People don't like Falin
Like... the average person in dungeon meshi doesn't like Falin. She was deeply ostrasized by her home village, in magic school she had zero friends before Marcille and the others generally saw her as strange and a bit offputting.
Characters like Namari and Chilchuck like her well enough but not necessarily more than any other member of their party, including Laios. Neither Kabru nor his party think much of her. The canaries don't give a fuck about her. Toshiro's retainers don't see her as anything else than the weird foreign girl their boss has a crush on.
The reason we think everyone loves Falin is because, despite all the indifferent side characters, the 2 most important and central characters of the story are Laios and Marcille. Who are NOT representative of the average attitudes to Falin! But necromancy georg number 1 and 2 are our main eyes into the story and they love Falin so much that it colours our perspective of the whole world.
The only side character who qualifies as liking Falin and not Laios is Toshiro (at least at first, as he ends the story on much better terms with Laios) and that says a lot about his character, with him drifting to the quiet Falin precisely because of her oddness but being both uncomfortable with and deeply jealous of Laios' much more open expression of that oddness. Because he's a repressed guy from a culture where etiquette is incredibly important.
But like I said, that's a specific aspect of him, not to the world at large.
Because there's also people that click more with laios than with Falin.
Kabru, for one, who is initially distrustful of laios but clearly also deeply fascinated by him and drawn to him.
Minor spoilers, and you don't have to read too deeply into this, because I don't think Kabru particularly dislikes Falin or anything. But it's interesting that when he talks about his distrust of the toudens in ch.32 he's talking about them both. But his big friendship declaration in chapter 76 is aimed squarely at Laios, he doesn't say "you and your sister" he says "you"
And Senshi!! He instantly clicks with Laios, well before he does so with anyone else in the party– who he also becomes friends with, it just takes a bit longer– specifically because they bond over their shared special interest in monsters!! Senshi is kind towards Falin and cares for her wellbeing, but he also... doesn't know her.
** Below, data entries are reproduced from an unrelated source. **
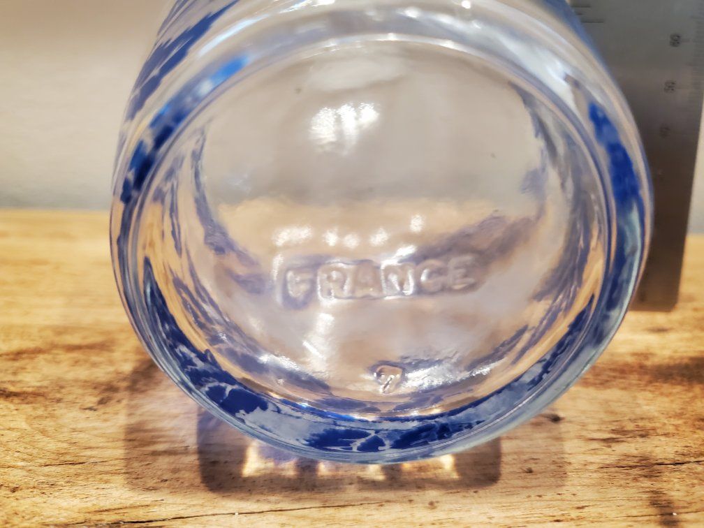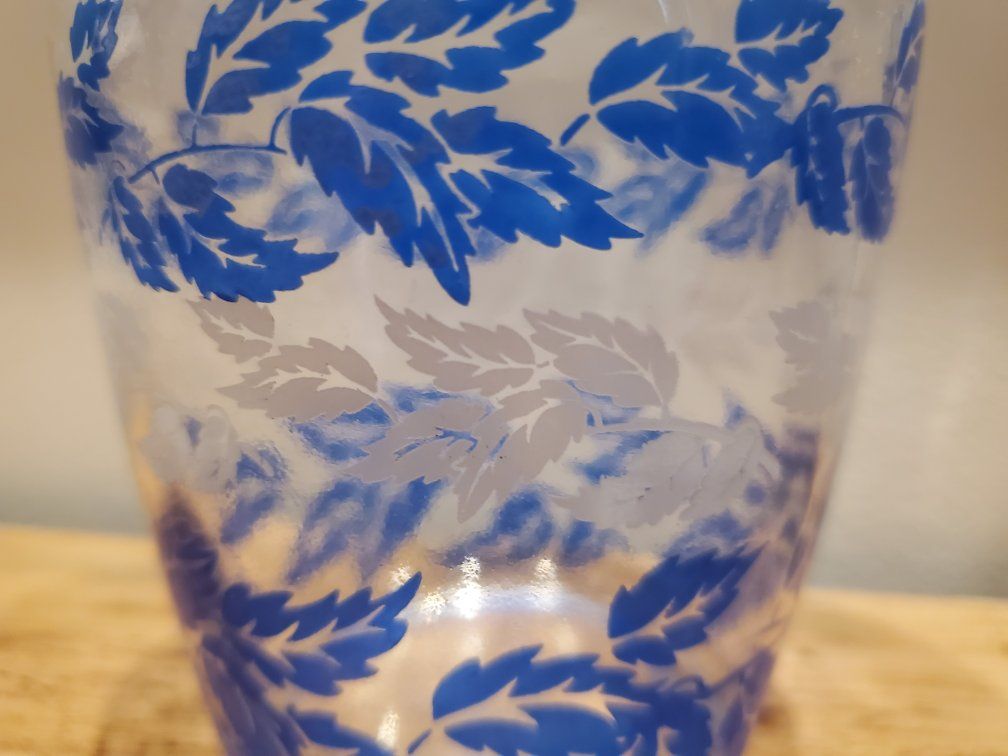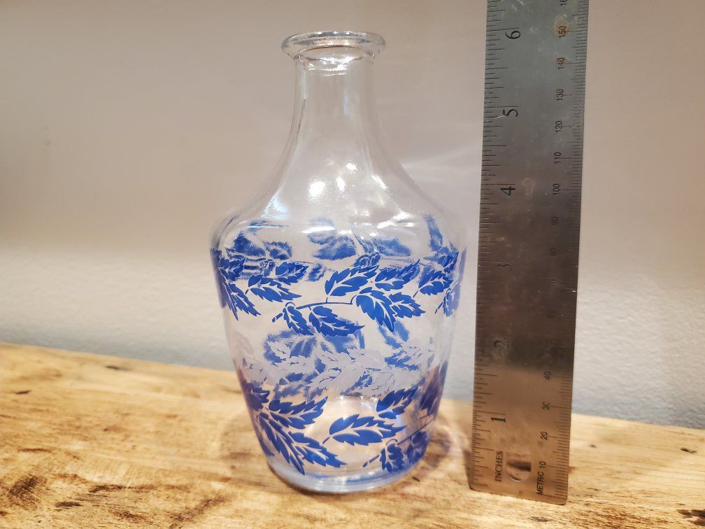 Very pretty Vintage Luminarc Blue & White Leaf design Liqueur Bottle/Decanter, 6" high, 3 1/2 wide (I do not have the glass top, but a cork could be used) or use as a Vase. Made in France. primarily made circa the1960s to 1970s. Often referred to as "Blue & White Feather" or "Blue & Silver Leaf" patterns, Excellent Condition.
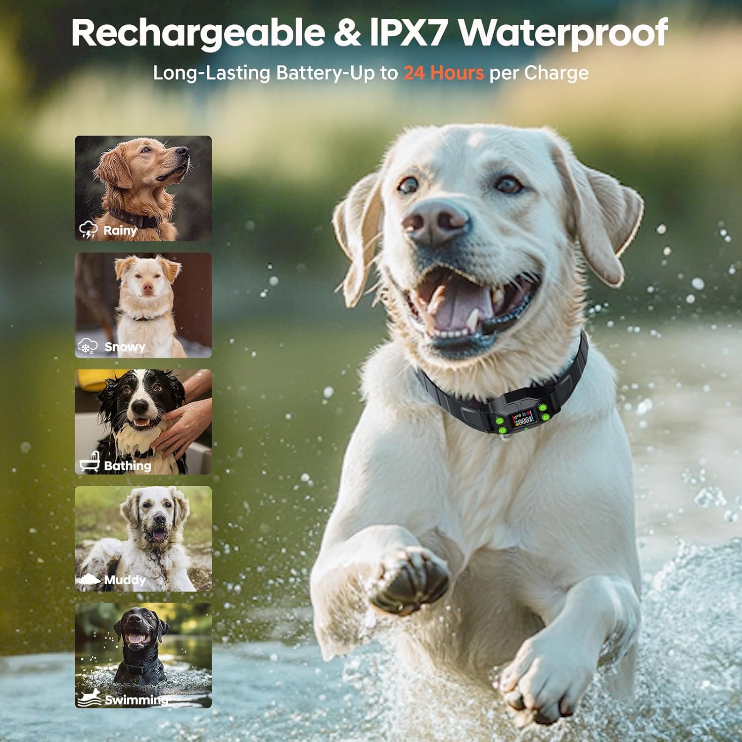 Effortless Setup & & Auto Memory: Only the collar is required, no wiring or additional accessories are required, and say goodbye to complex installation and hidden costs. The color screen displays the status in real time, and the operation is clear at a glance. In addition, the wireless dog fence system automatically saves the safety zone settings, center point, radius and training mode, and is ready to use after powering on, without repeated settings, providing ultimate convenience
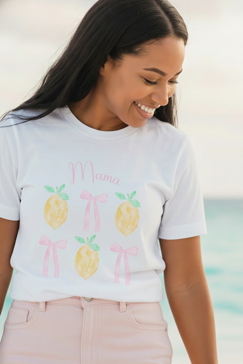 The front design features the playful yet heartwarming phrase “Mama’s Main Squeeze”, styled with a soft, feminine touch that feels equal parts sweet and timeless. Whether paired with denim, a flowy skirt, or worn alongside your little one, it brings a joyful nod to motherhood and the love that fills your days.
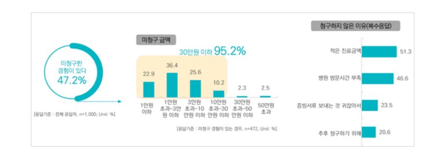 최근 2년 이내에 실손의료보험금을 청구할 수 있었음에도 청구를 포기한 경험은 전체 응답의 47.2%였다. 이들이 청구를 포기한 금액은 30만원 이하의 소액청구건이 95.2%에 달했다. 보험금 청구를 포기한 이유로 진료금액이 적어서(51.3%), 진료당일 보험사에 제출할 서류를 미처 챙기지 못했는데 다시 병원을 방문할 시간이 없어서(46.6%), 증빙서류를 보내는 것이 귀찮아서(23.5%) 등을 꼽았다.
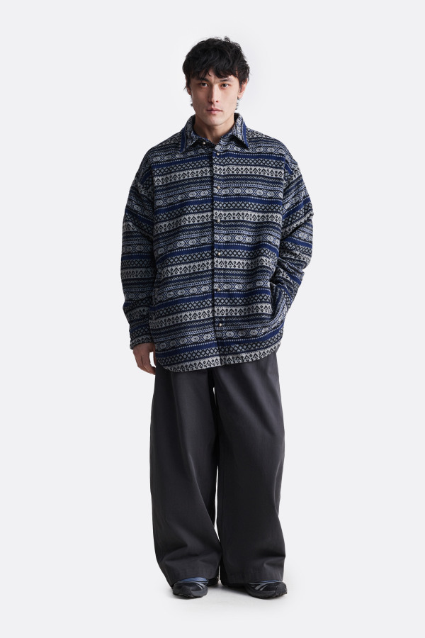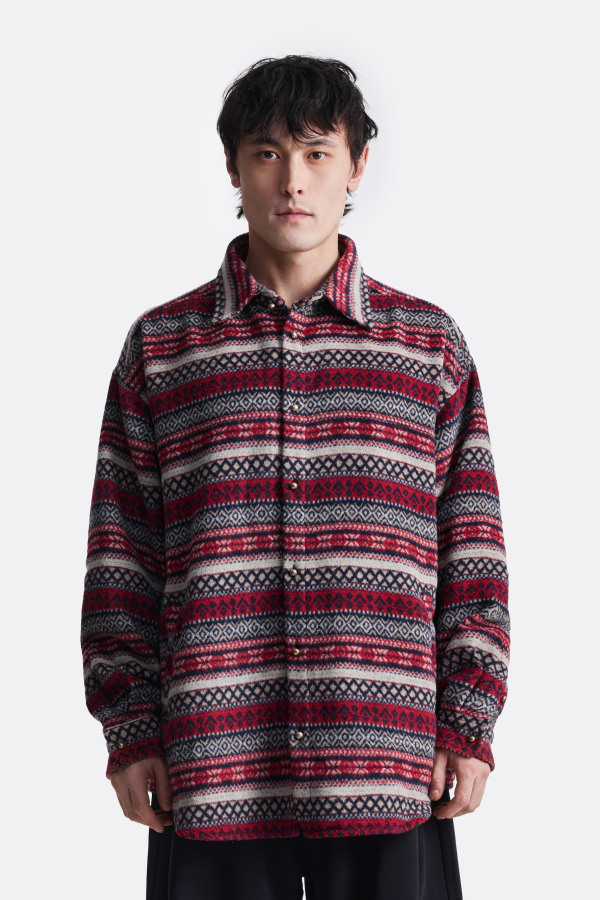 Свободная рубашка с традиционными узорами. Узор состоит из геометрических элементов, таких как ромбы, треугольники и круги, что придает рубашке этнический стиль. Рубашка имеет длинные рукава и воротник, застегивающийся на пуговицы.

The reason he is even here, helping to save her, is because he and Laios bonded over monsters and he wants to help his new friends out!
Of course, the theme of neurodivergent isolation is very present in Laios' story. I'm not denying that. He does turn people off, without meaning to and unable to fully understand why! But so does Falin. And just like there are people who like her despite of or even because of those traits, there are people who do the same with him.
In conclusion: "Average person loves Falin and hates Laios" factoid actually statistical error. Average person is neutral on both Falin and Laios. Georcille, Laiorg and Geoshiro, who live in the dungeon and think over 10,000 Falin-loving thoughts a day, are statistical outliers adn should not have been counted.